When I heard Kozhikode had earned the title of the City of Literature from UNESCO, I remembered the day I walked its streets for the first time, laden with the hope of becoming a writer. The first city I ran away to was Kozhikode. I had just dropped out of school to become a writer and I had two reasons to choose Kozhikode as the springboard for my literary career. One was a backup plan if the other failed, and in hindsight, each looks as inanely immature as the other.
A few days after my 16th birthday, the newspapers carried an article about a Japanese sailor who had come to Kozhikode to get a schooner built, on which he would rediscover the Silk Route. The moment I finished reading the article I knew there was something in it for me, the seed of a story or a whole travelogue. And I wanted to be a part of that voyage at any cost. The second reason was a legend in literature, Vaikom Muhammed Basheer, whose books were the prized possession of our home library and who occasionally wrote warm, personal letters to my father. I didn’t want to meet him for an autograph, I wanted to be taken as his protégé. He would be my guru, and his home would be my gurukul, so that I would be rubbing shoulders with giants in literature who held regular durbars in his front yard under a mangosteen tree.
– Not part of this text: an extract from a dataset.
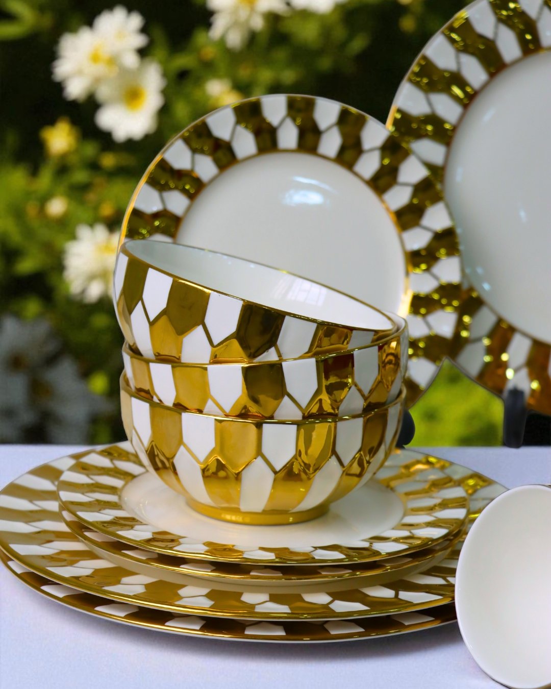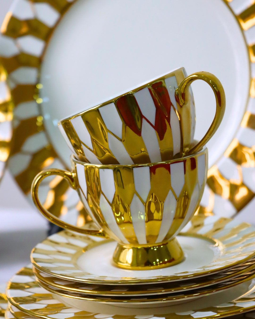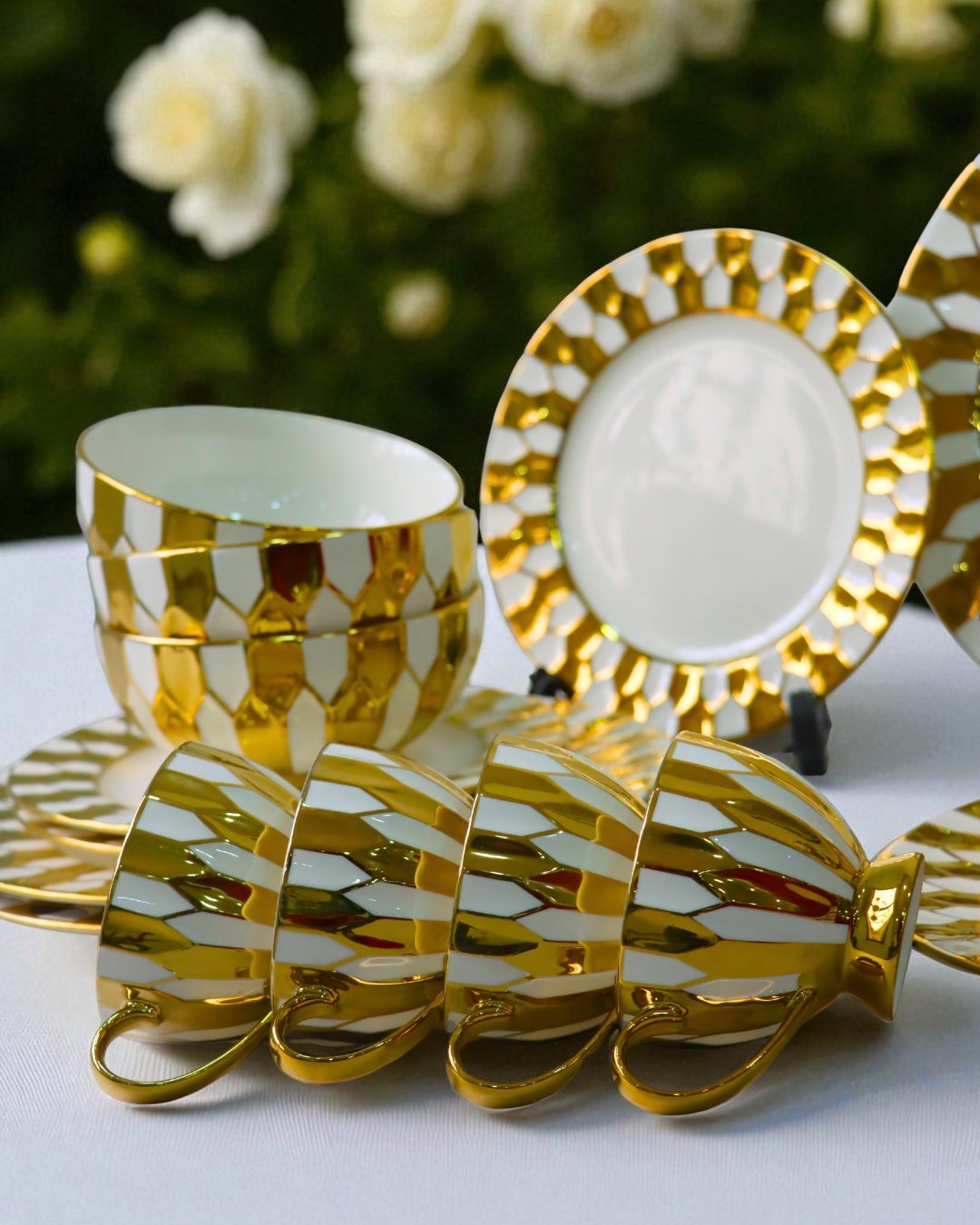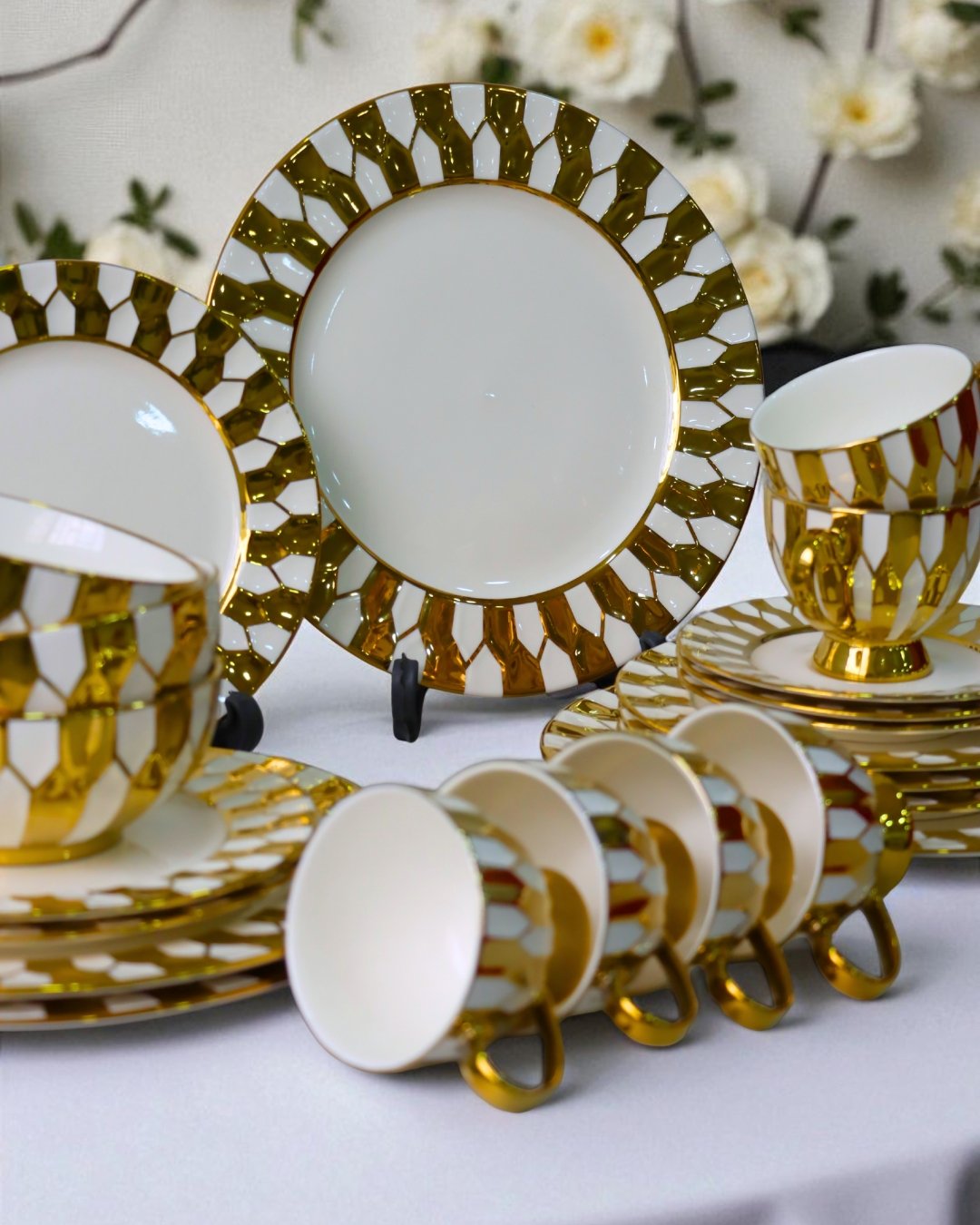 Crafted from fine bone china with elegant electrogold detailing, this set brings a royal touch to every dining moment.

Brimming with the promise of a new life, I set off for Kozhikode. I reached the sleepy city at the crack of dawn and sat waiting for the Japanese sailor outside a hotel that overlooked the sea. After several hours and many requests sent through his secretary, the sailor finally agreed to meet me. I think I lied convincingly for a 16-year-old, and told him about the magnitude of the book I was currently working on, a book that had the roaring sea as the constant backdrop and a sailor as the protagonist. I expected him to be surprised by the coincidence and welcome me to his expedition with open hands. But he laughed off my request and asked me to take the next homebound train. I took a bus, though, to my next destination, which was a small village called Beypore where the legend lived.
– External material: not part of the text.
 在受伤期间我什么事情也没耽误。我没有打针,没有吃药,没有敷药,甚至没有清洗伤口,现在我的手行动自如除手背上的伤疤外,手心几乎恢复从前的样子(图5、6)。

There were many empty chairs under the mangosteen tree to suggest that there had been a literary gathering recently, probably that very morning when I was wasting my time first with the secretary and then with the sailor. As I waited under the tree for the next door of opportunity to open wide and take me in, the silhouette of an old man appeared at the doorway and walked tiredly into the verandah, rubbing oil onto his thin arms. He looked somewhat like the caricature of one of the characters he had immortalised in ink. He stared into the front yard, evidently not seeing me, and I was overwhelmed by the fear that he would disappear through the door without saying a word and I would be left standing under the tree forever. So I quickly told him why I had come in search of him from a distant town.
If the sailor had dismissed me with a laugh, the writer simply waved me away without even a smile. And, as I was walking away, I heard his weak voice asking me my name. He pondered over my name for a moment. Maybe the fact that his son has the same name softened him up a little. He said he was too tired for a conversation and asked me to go home, probably I could come back another day and we could talk. The world seemed to have one advice for me that day — go home.
On my way to the railway station, I struck a conversation with the rickshaw driver who said there were many other writers who had made the city their home. He could take me to many if I could afford the fare. Finally, he dropped me at a newspaper office where M T Vasudevan Nair, another legend in literature, worked as the chief editor, but I didn’t go in. I didn’t have the courage to.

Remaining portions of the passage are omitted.